I would much have preferred to see a tired, bloodied Bond here, instead of one who can run at top speed, leap on draw bridges, or ski, and surf flawlessly through dangerous terrain. I would have rather seen a tired, huffing and puffing Bond face these challenges, using his wits. I feel like that my preferred approach to A View to a Kill would have made it easier to invest in the story, and been a real proper send-off for Moore’s Bond, whom I grew up with...and love without reservation.
Could the movie have -- with that approach -- gotten beyond Tanya Roberts’ grating performance as Sutton? Maybe. Maybe not.

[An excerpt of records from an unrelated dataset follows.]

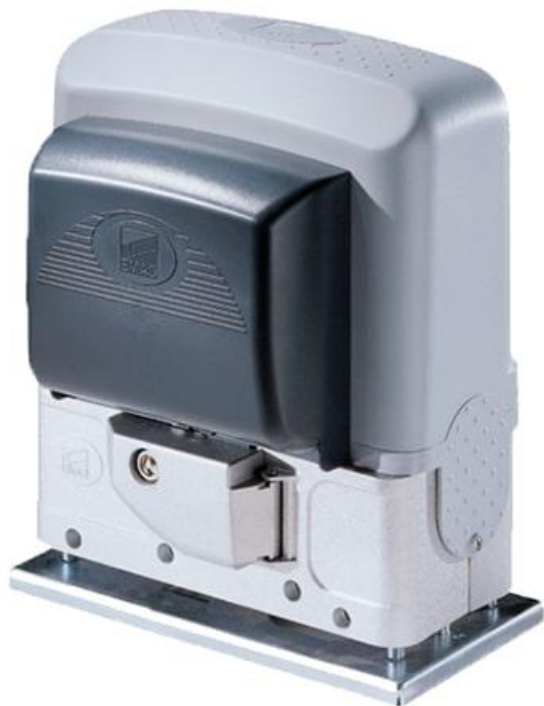
Фото Привод для откатных ворот ВК-221 САМЕ 001ВК-221

Отправьте запрос на коммерческое предложение и получите индивидуальные цены и сроки поставки
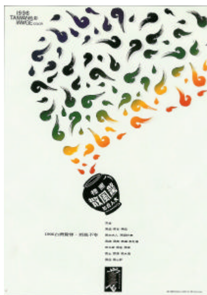
圖 2-16 台灣驚悸 - 黑 蔡進興 1996

代表台灣？這些有關畫面各種視覺符號運用問題，即是「語法學」的範疇；對於小孩子驚悸夜啼、吐乳青便，祖母會餵食“黑研標驚風散”的情景；台灣社會色彩紛亂，但使台灣驚悸、煩燥不寧的應該是那混濁的“黑”而“黑標大人驚風散”是否能為台灣鎮驚退熱，疏風順氣，盼您能三思。這些符號意義的傳達，更是屬於「語意學」的重要部份；而對“黑研標驚風散”及問號等視覺符號的選擇、符號來源的分析，則是「語用學」的問題。
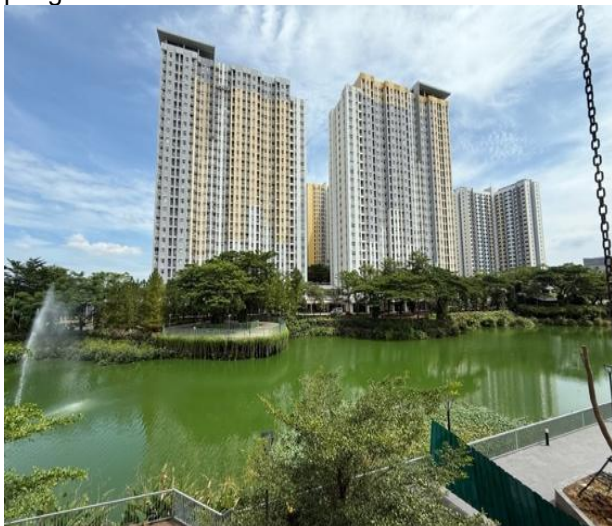
Gambar 1. Foto danau buatan & pagar hijau

Territoriality yang paling mudah dikenali di studi kasus ini berupa gerbang utama untuk keluar masuk Kawasan, serta pos satpam yang terletak di samping gerbang utama juga memberikan batas antara bagian luar dan bagian dalam apartemen. Danau buatan serta pagar hijau juga menjadi batasan fisik yang membentuk suatu territoriality yang jelas. Dari perspektif psikologi arsitektur, batas yang terbaca dengan jelas mampu memberikan sinyal psikologis kepada pengguna maupun orang luar mengenai adanya kontrol terhadap ruang tersebut. Hal ini berpotensi menurunkan peluang terjadinya aktivitas yang tidak diinginkan. Namun demikian, tingkat efektivitas territoriality pada kawasan ini masih bergantung pada konsistensi pengelolaan dan pengawasan.
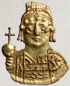
Биста на Јустинијан I солид (аверс), Константинопол, 542-552

Петрус Сабатиј или Јустинијан I (527-565) бил роден околу 483 г. во Таврисиј (Таор), Скопско. Како внук на Јустин I во 525 г. ја добил титулата кајсар, а на 4 април 527 г. бил прогласен за август и негов со-владетел. Нивното заедничко владеење траело само 4 месеци, што е причина за реткоста на монетите ковани во името на ова совладетелство (798). Во историјата останал запаметен по неговите напори да ја возобнови Римската Империја, по кодификацијата на римското право, како и по огромниот број градби коишто биле подигнати низ целата Империја.
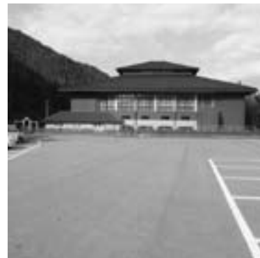
▲中学校新築予定地

中学校体育館は、町民体育館と共用となります。（新たに中学校体育館は新築しません。）
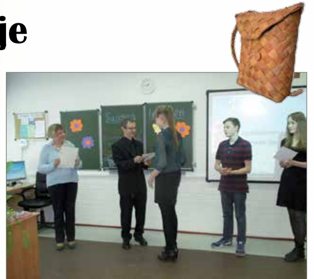
Stipendien jakoa Kostamuksen koulussa.

Lähtöpäivänä maksoimme yhdyshenkilömme kanssa päiväker-
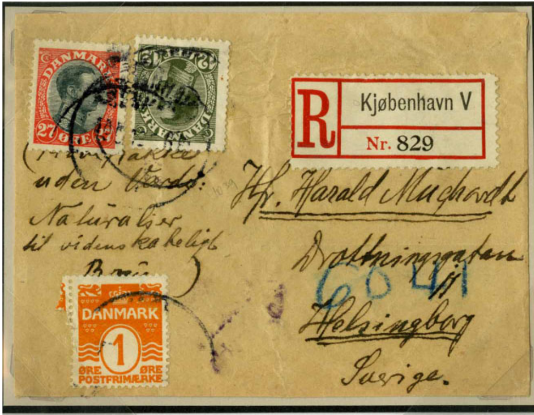
Fig. 8 ovenfor og fig. 9 nedenfor
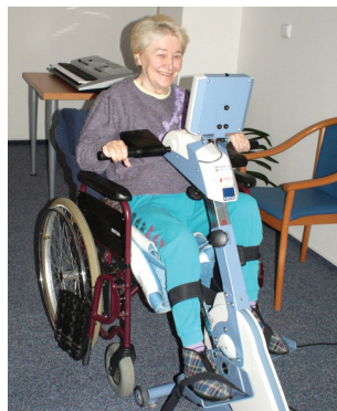
účastníků ze Senioru B společně „došlo“ až do bulharské Sofie, tedy úctyhodných 1178 km! Věk opravdu není na překážku, k této vzdálenosti totiž aktivně

Nejedná se o soutěž, vřdyt pro někoho, kdo potřebuje k pohybu chodítko nebo berle, je překonání několika metrů stejný výkon jako pro jiného několik kilometrů. Ovšem společně se podařilo třinácti účastníkům ze Senioru C za měsíc ujít a ujet vzdálenost 322 km, a symbolicky tak navštívili rakouský Linec. A 28

Would the strangely brutal violence in Zorin's mine have felt more appropriate, or better justified? I suspect these deficits would have been judged differently, had a consistent tone been applied to A View to a Kill.
Again this film fascinates me almost endlessly. Sometimes -- such as in the Golden Gate climax -- it’s nearly a great James Bond movie. And some of the time a View to a Kill is a terrible Bond movie (the fire engine chase).
But Moore’s final hour as James Bond is an animal all its own. A View to a Kill is a schizophrenic reach for greatness (and for the future direction of the Bond films…) that, simultaneously, plumbs the worst depths of the actor’s tenure in the role.
So, curse the bad, or appreciate the good?